TASK INSTRUCTIONS:
An exact copy of the data is required. No picture may appear in it.

[Opening COLLECTED MATERIAL section]

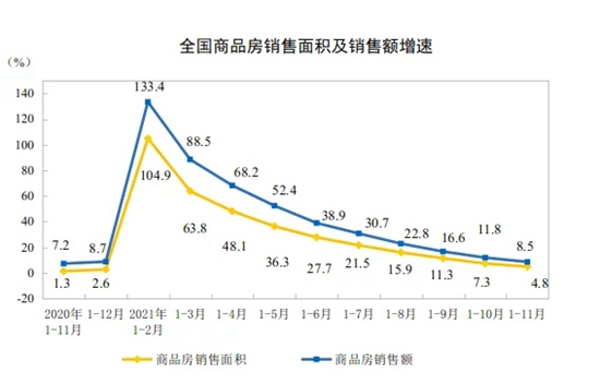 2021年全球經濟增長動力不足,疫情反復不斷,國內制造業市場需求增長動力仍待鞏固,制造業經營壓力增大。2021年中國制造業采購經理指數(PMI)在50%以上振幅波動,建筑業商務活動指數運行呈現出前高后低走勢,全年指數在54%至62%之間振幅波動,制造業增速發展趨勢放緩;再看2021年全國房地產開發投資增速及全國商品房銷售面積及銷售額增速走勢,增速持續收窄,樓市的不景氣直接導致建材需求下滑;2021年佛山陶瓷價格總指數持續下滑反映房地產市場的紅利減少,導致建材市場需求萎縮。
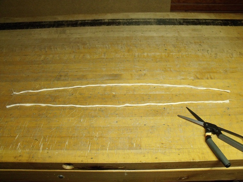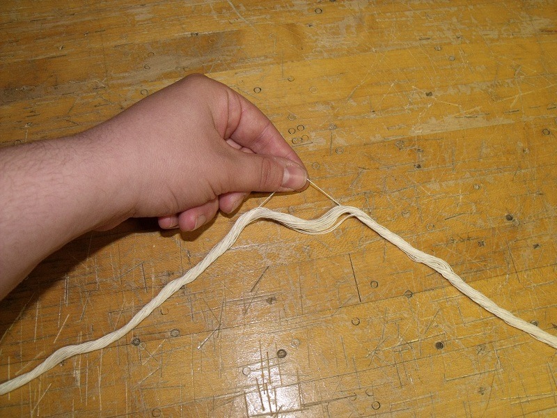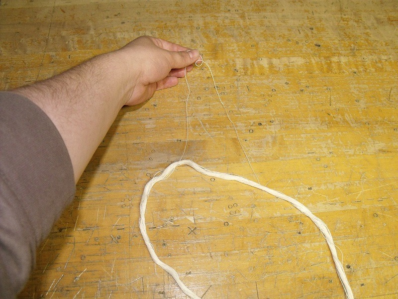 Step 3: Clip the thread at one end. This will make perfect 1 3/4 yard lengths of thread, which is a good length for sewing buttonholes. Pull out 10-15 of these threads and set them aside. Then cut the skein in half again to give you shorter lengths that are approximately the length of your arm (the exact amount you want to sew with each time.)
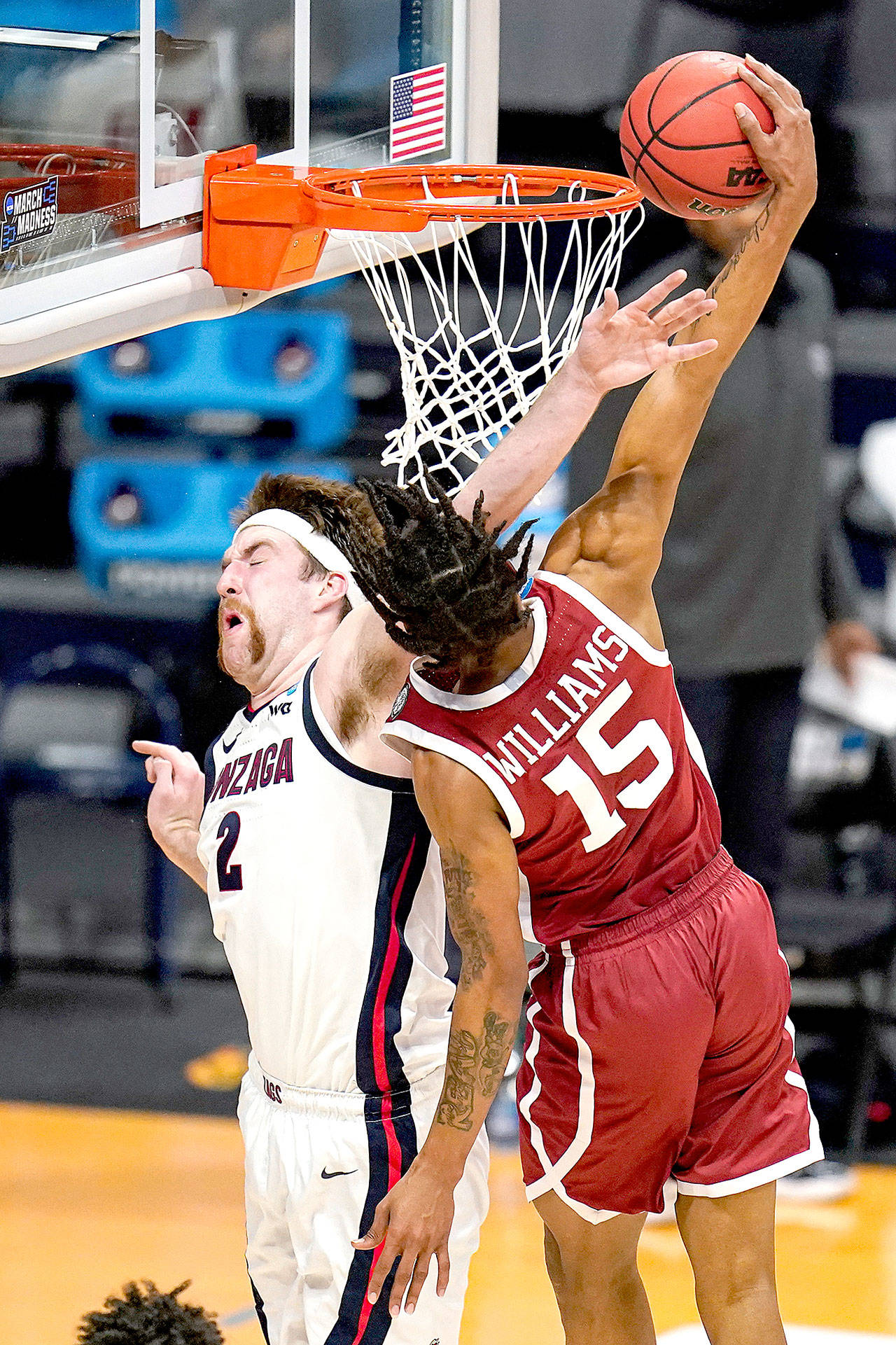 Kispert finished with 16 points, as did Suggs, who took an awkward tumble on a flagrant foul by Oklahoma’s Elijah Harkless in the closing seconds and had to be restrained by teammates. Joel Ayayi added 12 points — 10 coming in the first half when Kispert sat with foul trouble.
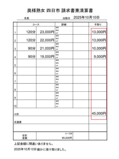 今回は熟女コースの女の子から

[Closing COLLECTED MATERIAL section]

SOLUTION TO THE EXERCISE:
 2021年全球經濟增長動力不足,疫情反復不斷,國內制造業市場需求增長動力仍待鞏固,制造業經營壓力增大。2021年中國制造業采購經理指數(PMI)在50%以上振幅波動,建筑業商務活動指數運行呈現出前高后低走勢,全年指數在54%至62%之間振幅波動,制造業增速發展趨勢放緩;再看2021年全國房地產開發投資增速及全國商品房銷售面積及銷售額增速走勢,增速持續收窄,樓市的不景氣直接導致建材需求下滑;2021年佛山陶瓷價格總指數持續下滑反映房地產市場的紅利減少,導致建材市場需求萎縮。
 Step 3: Clip the thread at one end. This will make perfect 1 3/4 yard lengths of thread, which is a good length for sewing buttonholes. Pull out 10-15 of these threads and set them aside. Then cut the skein in half again to give you shorter lengths that are approximately the length of your arm (the exact amount you want to sew with each time.)
 Kispert finished with 16 points, as did Suggs, who took an awkward tumble on a flagrant foul by Oklahoma’s Elijah Harkless in the closing seconds and had to be restrained by teammates. Joel Ayayi added 12 points — 10 coming in the first half when Kispert sat with foul trouble.
 今回は熟女コースの女の子から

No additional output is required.